Emilienne Malfatto, laureada con el Goncourt a la primera novela y con el Albert Londres, ha sido periodista y fotógrafa de guerra en Irak. Tiene 35 años. Esta novela la escribe con una estructura inteligente: monólogos versificados en primera persona para dar una voz íntima al torturador, y fragmentos en tercera persona para narrar un mundo gris donde siempre llueve y aquellos que no mueren enloquecen. Malfatto, con comas amputadas, escribe así: "El vestíbulo está desierto. De las altas ventanas llega una tenue luz. Es la hora mostaza la hora mandarina la hora ocre, pero el ocre, como los demás colores, ha sido absorbido por la monocromía, al igual que el Palacio está bañado en esa misma luz gris, apenas teñida de naranja, pistilo de azafrán devorado enseguida por la ceniza".

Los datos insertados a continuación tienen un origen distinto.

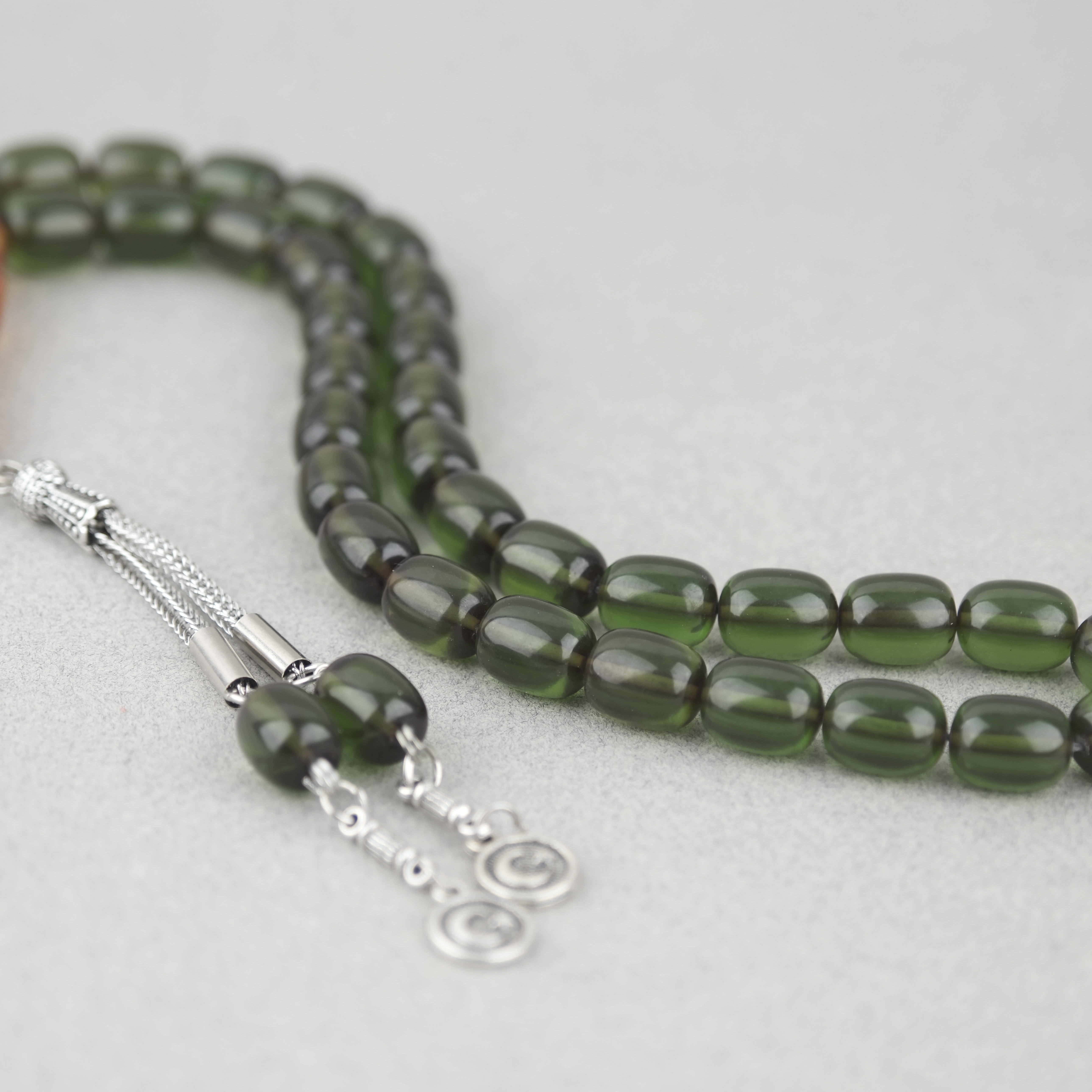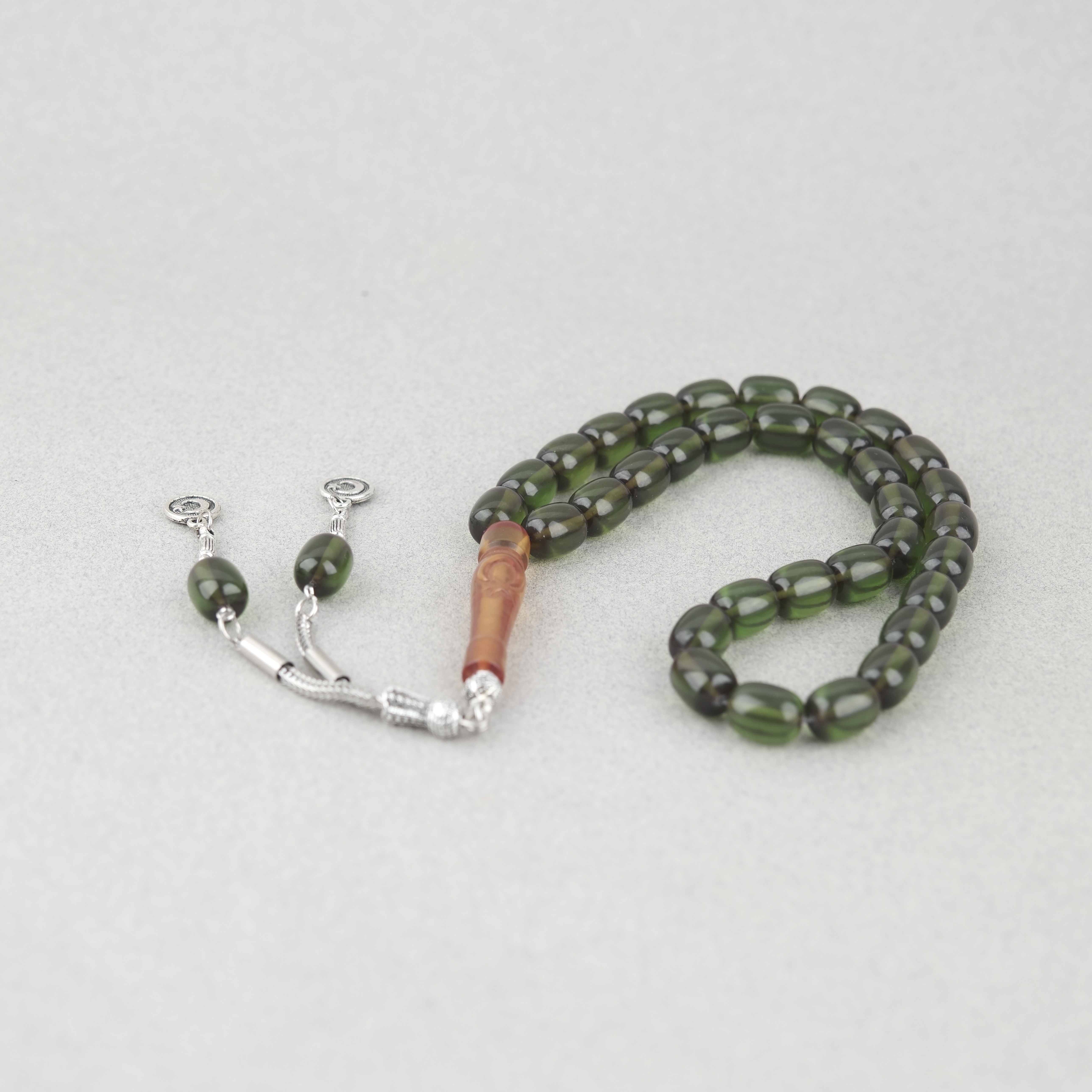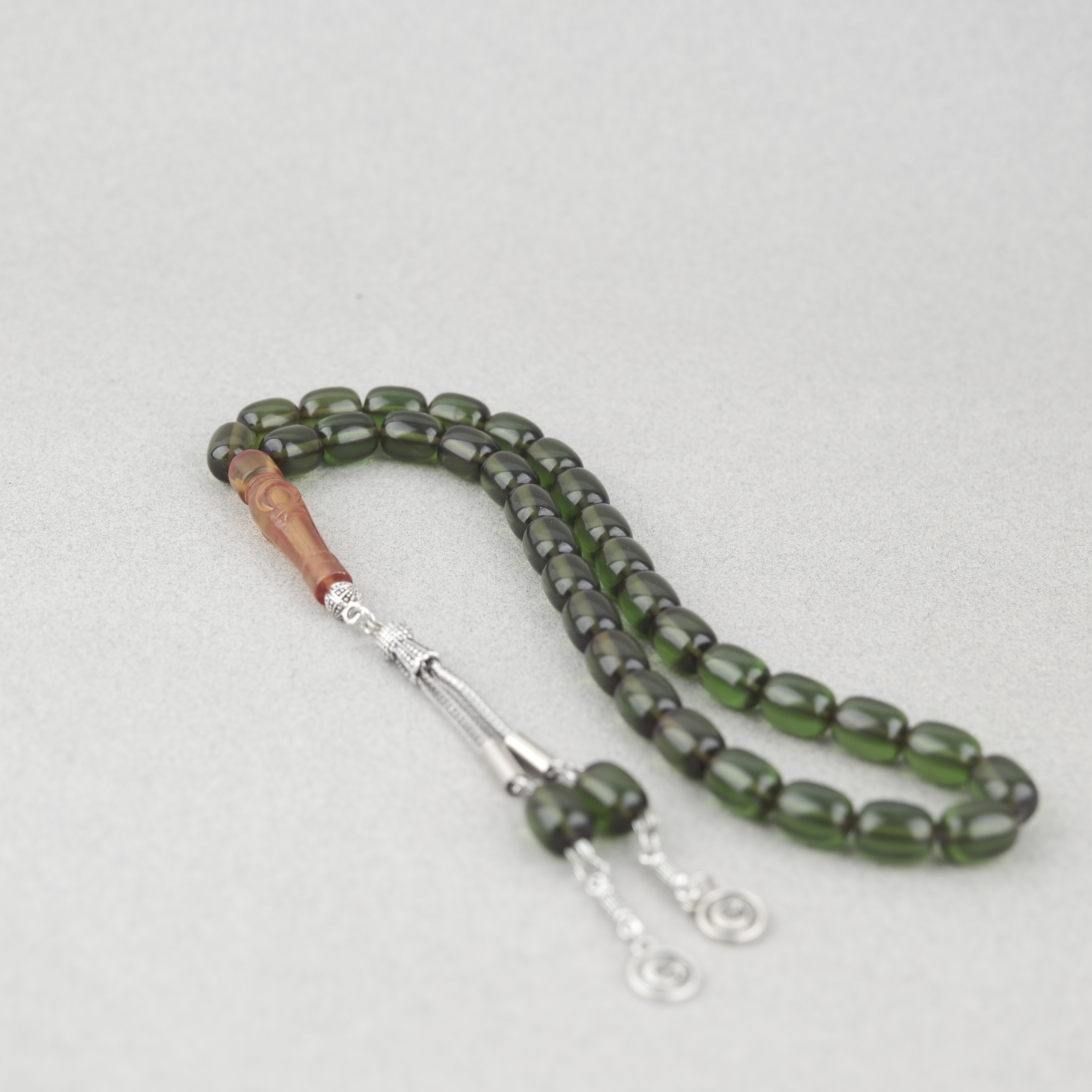 Ateş Kehribar Ayyıldız İşlemeli Sarı İmame Kapsül Kesim 9x11mm Tesbih -Yeşil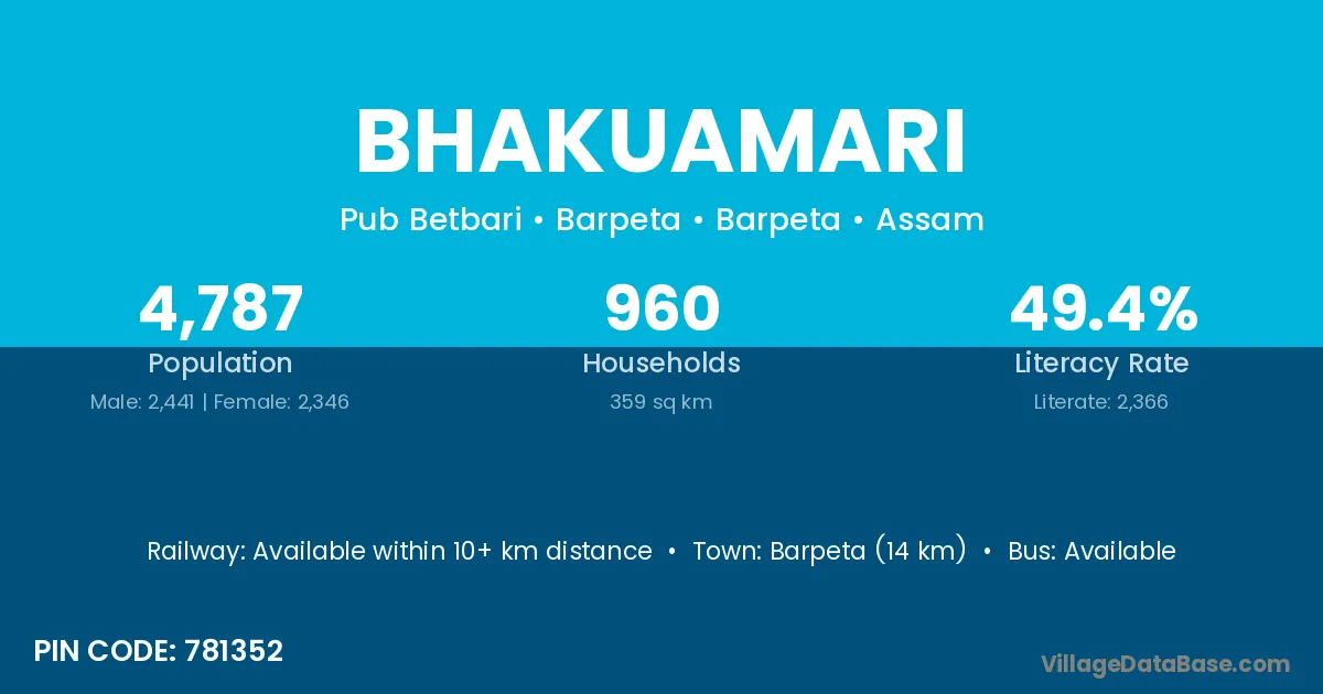 Barpeta Road (15 km) is the nearest town to Bhakuamari village for major economic activities and is located approximately 15 km away.
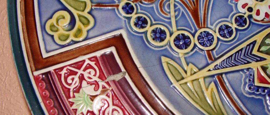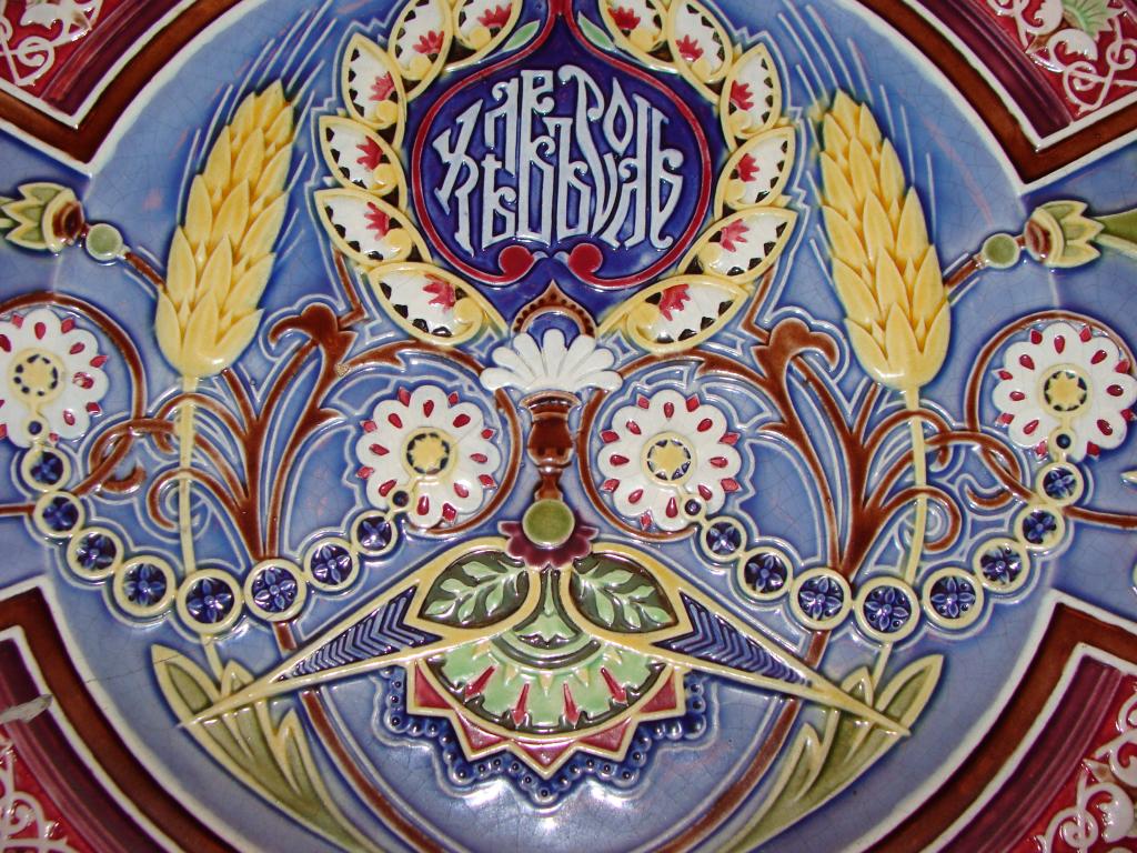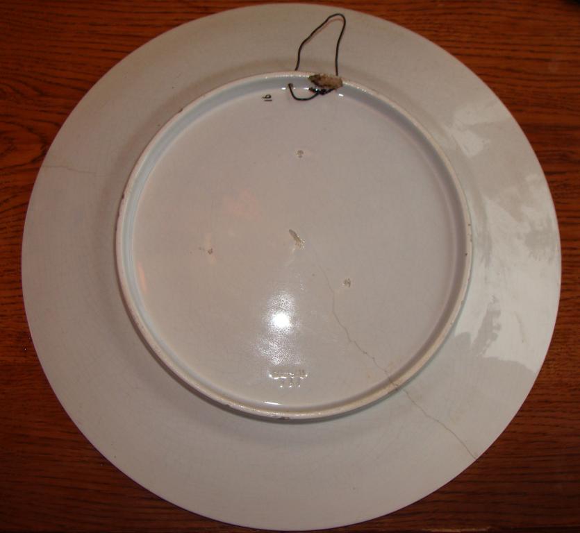 Кузнецовское блюдо "Хлеб-Соль". Диаметр 38,3см. Есть меленький скольчик и трещинка (на фото видно). Без реставрации. По трещине не шатается. Находится в Москве.

Le escribo a Malfatto con tres preguntas simples.
—¿Qué vio en la guerra?
—Vi mucha vida. No me malinterprete: la guerra es abominable y vi muerte, violencia, horrores. Pero no esperaba ver tanta vida, con sus dramas, sus tonterías y sus alegrías. Pero ojo: viví la guerra por decisión propia. Yo decidí irme a vivir a Irak —y también podía, si lo decidía, largarme con mi pasaporte europeo—. Quiero decir con esto que la guerra me afectó, claro, pero que no la sufrí, que la viví desde una posición extremadamente privilegiada.
—¿Qué ve en la poesía?
—¿Una razón para vivir, tal vez? ¿Una manera de aliviar las preguntas existenciales? ¿Algo que duela y consuele a la vez? Una mezcla de todo eso.
—¿Qué persigue con el estilo?
—Nada. Cuando escribo ficción no pienso ni persigo nada. Necesito sacar algo de mí, y ya. Es muy instintivo, como una pulsión.
Esa pulsión ha dado una pequeña gran obra.